Liquid Injection Molding (LIM) is a method in which liquid silicone rubber (LSR) is injected under pressures into a heated mould, filling the cavity entirely before hardening into a solid object that is then expelled from the mould. Compression mold silicon products Apart from the feature that LSR is a thermoset polymer, this procedure is nearly comparable to injection molding of polyester.
This implies that the mould must be heated (rather than chilled, as with thermoplastic polymers) so that the silicone is permanently cured in a process known as vulcanization. The component will not dissolve back into a liquid state once it has been cured. This temperature zone reversal also implies that LIM uses “cold decking” rather than “hot tracks” to save material and minimise development cycles.
Shaping by transfer
Transfer molding is a procedure that is similar to injection molding in many ways, including the use of a heated mould cavity, sprue passages, and an external actuator that forces the melted metal into a mold. In transference molding, the material to be moulded is placed in an open container (called the pot) (which can start as either a solid or liquid). The substance is then pushed and squeezed into the mould, which is attached to the pot through channels.
To fill the mould, transfer molding often employs higher pressures than injection molding. Another distinction is that, unlike LIM and plastic injection molding, the mould casting materials may start the process as a solidified.
Casting by compression
Compression molding would ensue if the pot in the transfer molding process was removed and the upper half of the heated mould replaced the plunger. In contrast to injection molding and transfer molding, which both force the moulded material into the cavity, compression molding presses the heated cavity onto the material.

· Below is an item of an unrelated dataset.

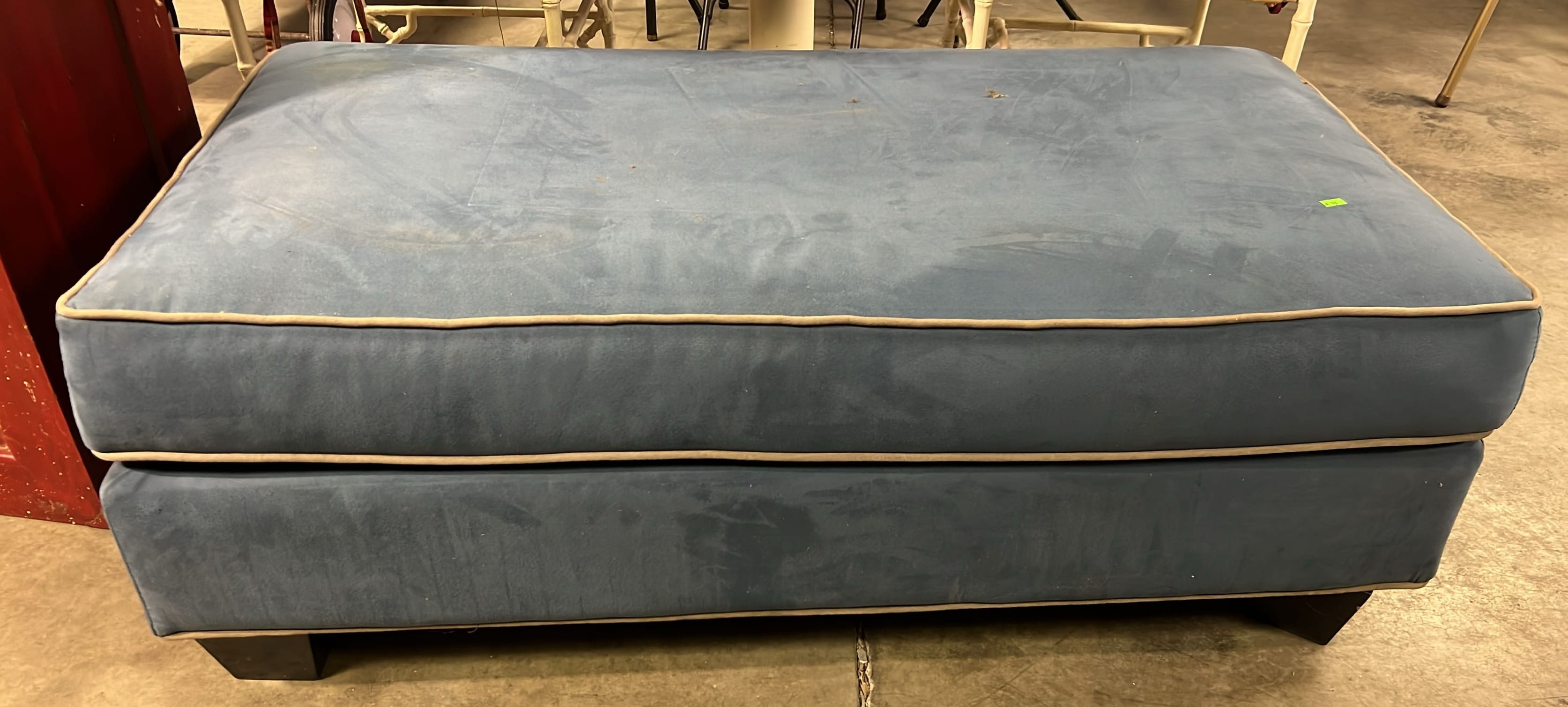 61 Dusty Blue Ottoman with Beige Cording 49”x17”x26.25”

The molding material in transfer molding and LIM is thermoset elastomers such as silicone. The mould provides heat for synthetic rubber, and the material is frequently preheated as well. When compared to other processes, compression molding excels in manufacturing big components at a cheap cost and with less waste in high-volume production
Parts produced by the three molding procedures discussed above do not have to be constructed entirely of a single material. A composite object with a plastic or silicone covering moulded over part or all of a different material is typically highly desired. One example of such over molding is silicone grasping regions on steel surgical tools.
Over molded items are often made in two (or more) steps, with each layer requiring a distinct molding process. Given that not all combinations of rubber compounds, thermosetting, and metals are conceivable, OEMs must carefully evaluate the material compatibility of the materials they seek to mix. Overall, there are minimal impediments, with the ingenuity of the OEM’s design team serving as the limiting constraint.
RTV casting, a low-cost method of producing tiny volumes of components, replicates characteristic properties and other fine characteristics. Additionally, because silicones have excellent heat and chemical stability, RTV moulds may be used to cast low melting point metals, epoxy resins, beeswax, and limestone without the use of a mould release agent.